There should be no reason to stop or cancel an aio read or write request just because you need to make another read or write. If that were the case, that would defeat the whole point of asynchronous reading and writing since it's main purpose is to allow you to setup a reading or writing operation, and then move on. Since multiple requests can be queued, it would be much better to setup a couple of asynchronous reader/writer pools where you can grab a set of pre-initialized aiocb structures from an "available" pool that have been setup for asynchronous operations whenever you need them, and then return them to another "finished" pool when they're done and you can access the buffers they point to. While they're in the middle of an asynchronous read or write, they would be in a "busy" pool and wouldn't be touched. That way you won't have to keep creating aiocb structures on the heap dynamically every time you need to make a read or write operation, although that's okay to-do ... it's just not very efficient if you never plan on going over a certain limit, or plan to have only a certain number of "in-flight" requests.

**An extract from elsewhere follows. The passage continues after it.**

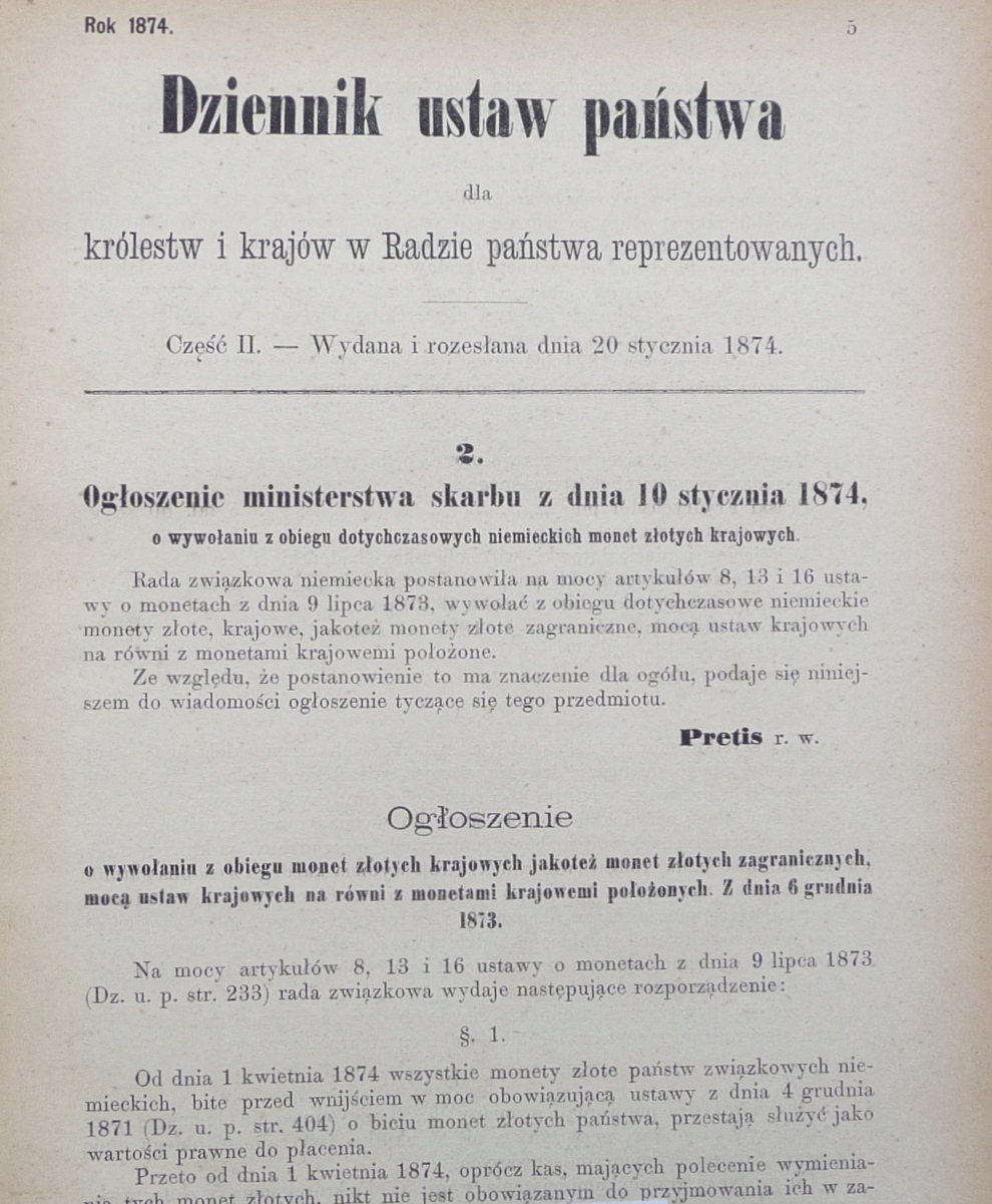 1874 – O wywołaniu z obiegu monet złotych krajowych jakoteż monet złotych zagranicznych

BTW, keep in mind with a couple different in-flight asynchronous requests that your asychronous read/write handler can actually be interrupted by another read/write event. So you really don't want to be doing a whole-lot with your handler. In the above scenario I described, your handler would basically move the aiocb struct that triggered the signal handler from one of the pools to the next in the listed "available"->"busy"->"finished" stages. Your main code, after reading from the buffer pointed to by the aiocb structures in the "finished" pool would then move the structure back to the "available" pool.